In another dream, I’m back in that same old crummy barracks lying in my bunk, except it’s now. Elmquist and Simpson were still young, However I’m a worn-out sixty-year-old. But that’s not the worst part. I get up to use the latrine and I stop to look in the mirror. On my forehead are huge rectangular Groucho Marx eyebrows tattooed in place of my regular ones.
“Holy Moses! When did I do that? Now I gotta go through life with this…”
There’s always a sense of relief when I wake up from the nightmare. I don’t know why my brain sometimes goes to this place.

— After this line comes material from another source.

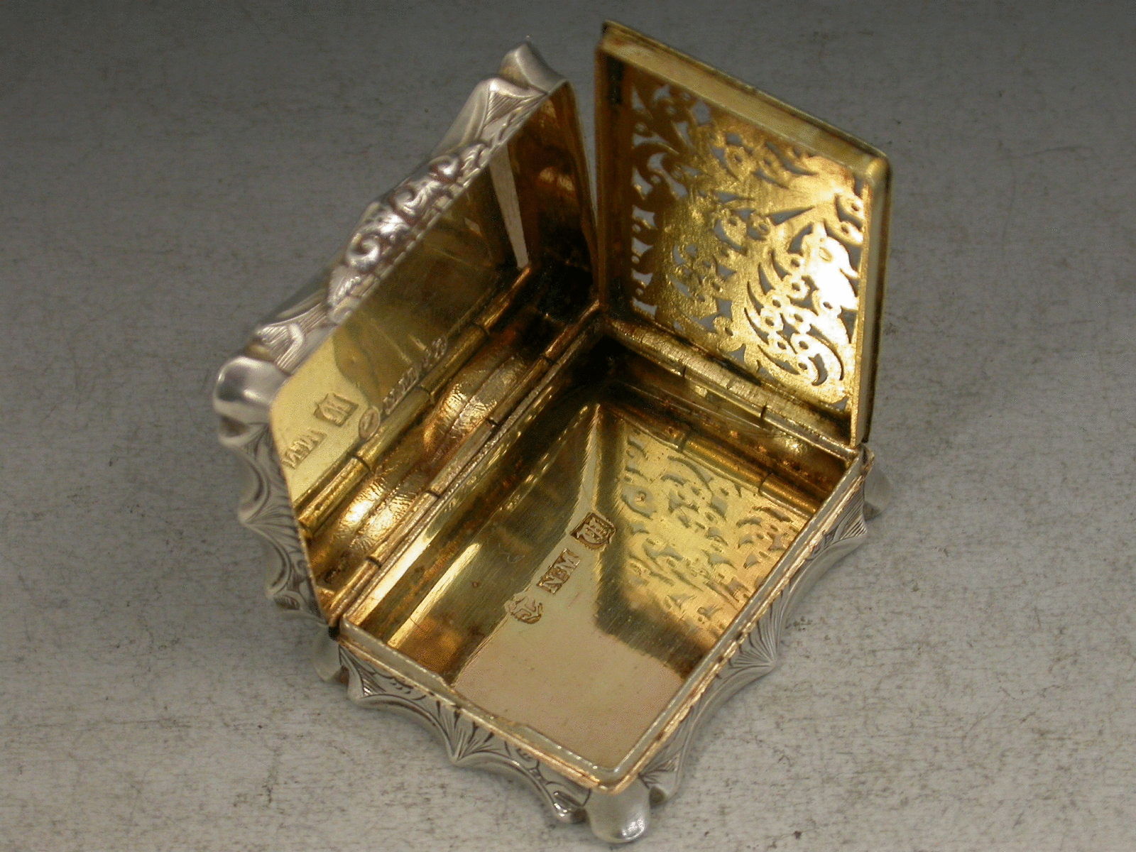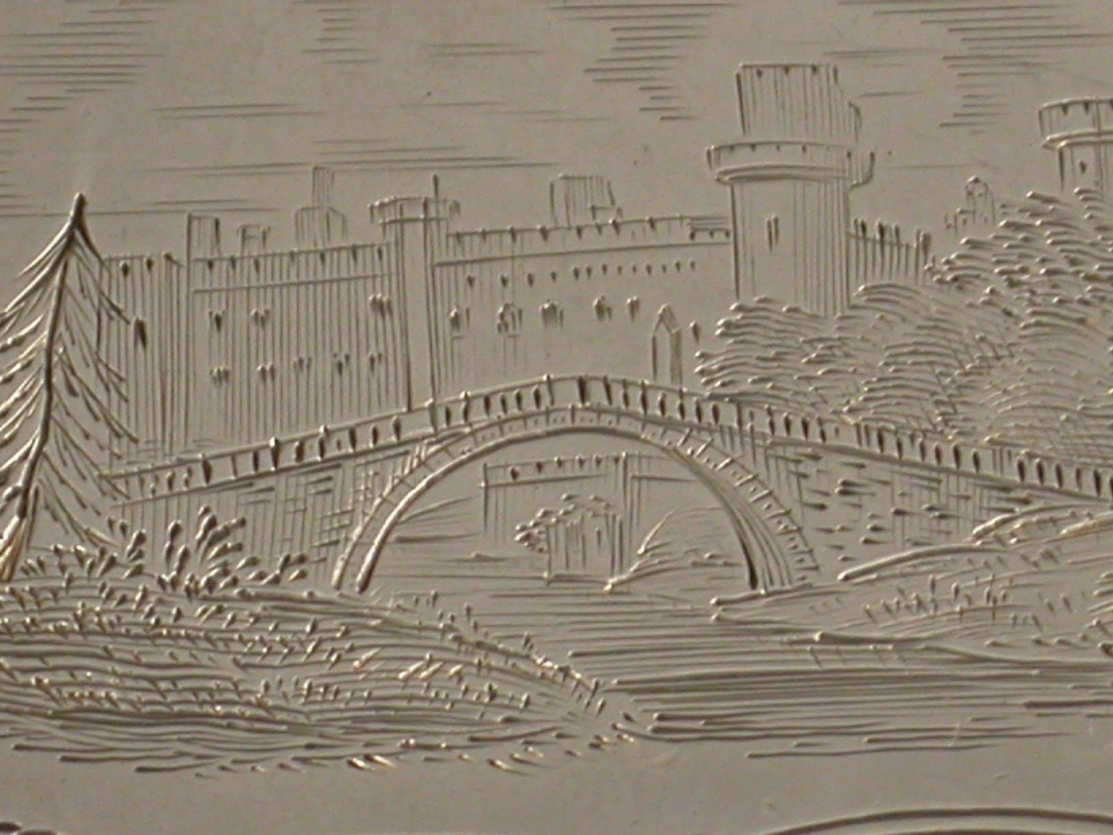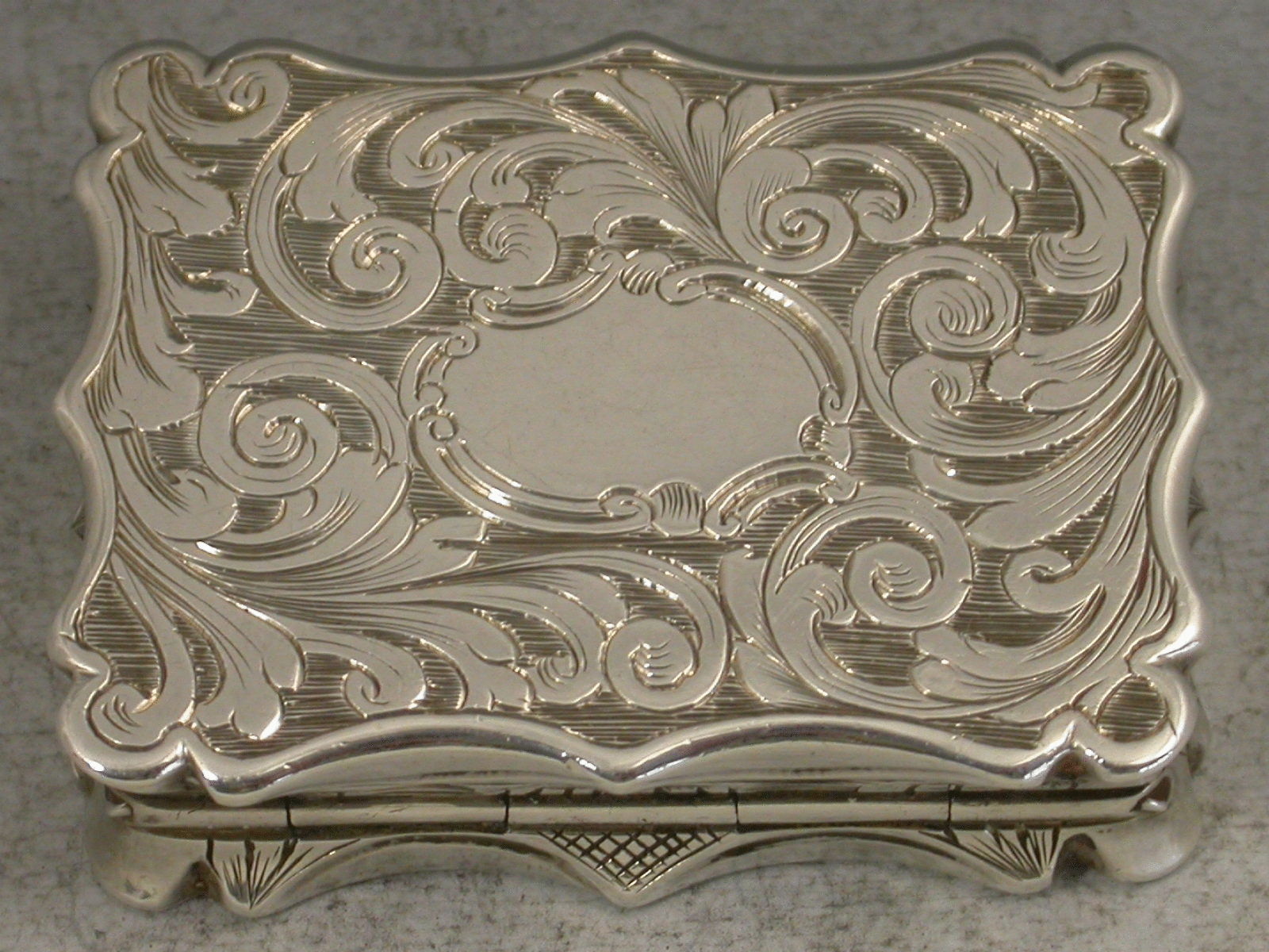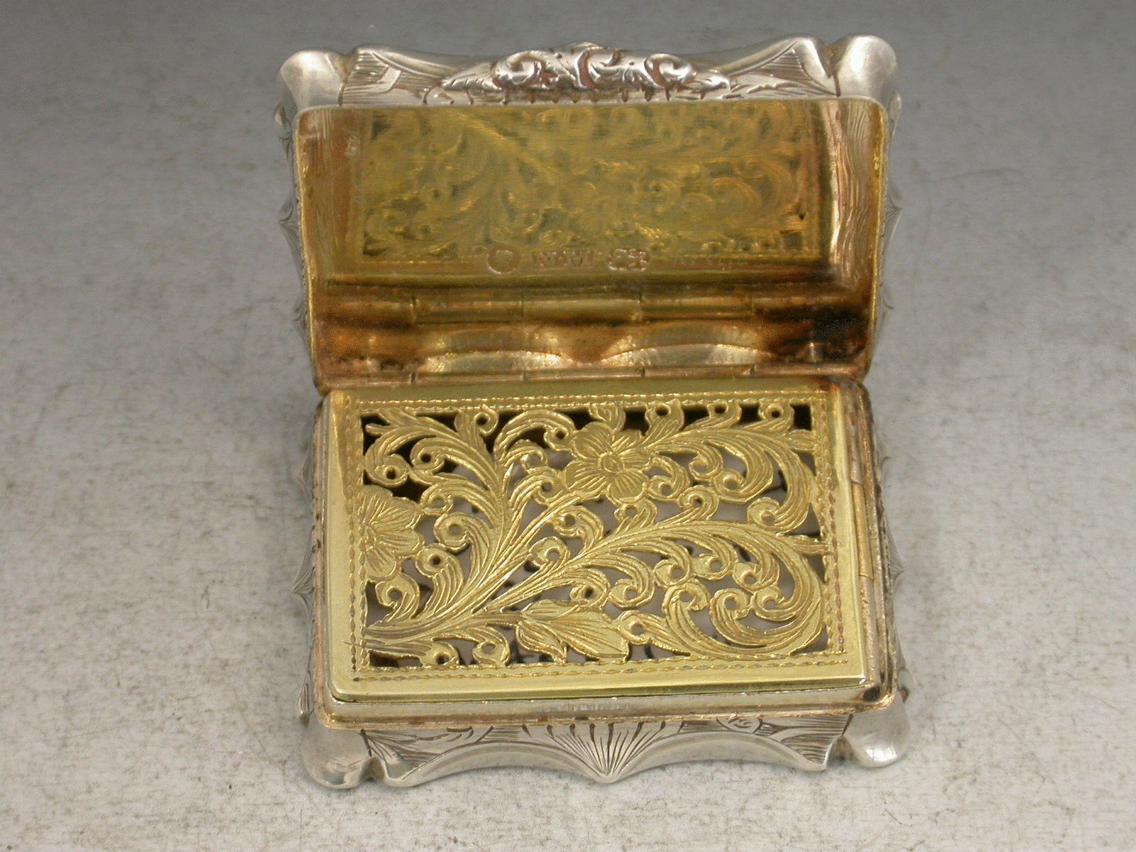 A rare Victorian silver Vinaigrette of shaped rectangular form with foliate scroll engraved decoration to the base and sides, the lid engraved with a scarce scene depicting Warwick Castle from the river Avon, a bridge in the foreground, the silver gilt interior with intricately pierced grille.

I try to laugh at those days in my life so many years ago. We were kids and vulnerable, even though we didn’t know it. I think about the stupid things we did as teens, and marvel that we’re all three alive, and still in contact. I have since forgiven myself for these youthful indiscretions, and I guess it was all part of being young.
Careers, marriage and life’s complications have since clouded the past. The decades rolled by, evaporating into the ether, and I now have teenage grandsons. They’re almost the same age as I was then, and I often wonder about the things they’ll someday encounter in their future travels.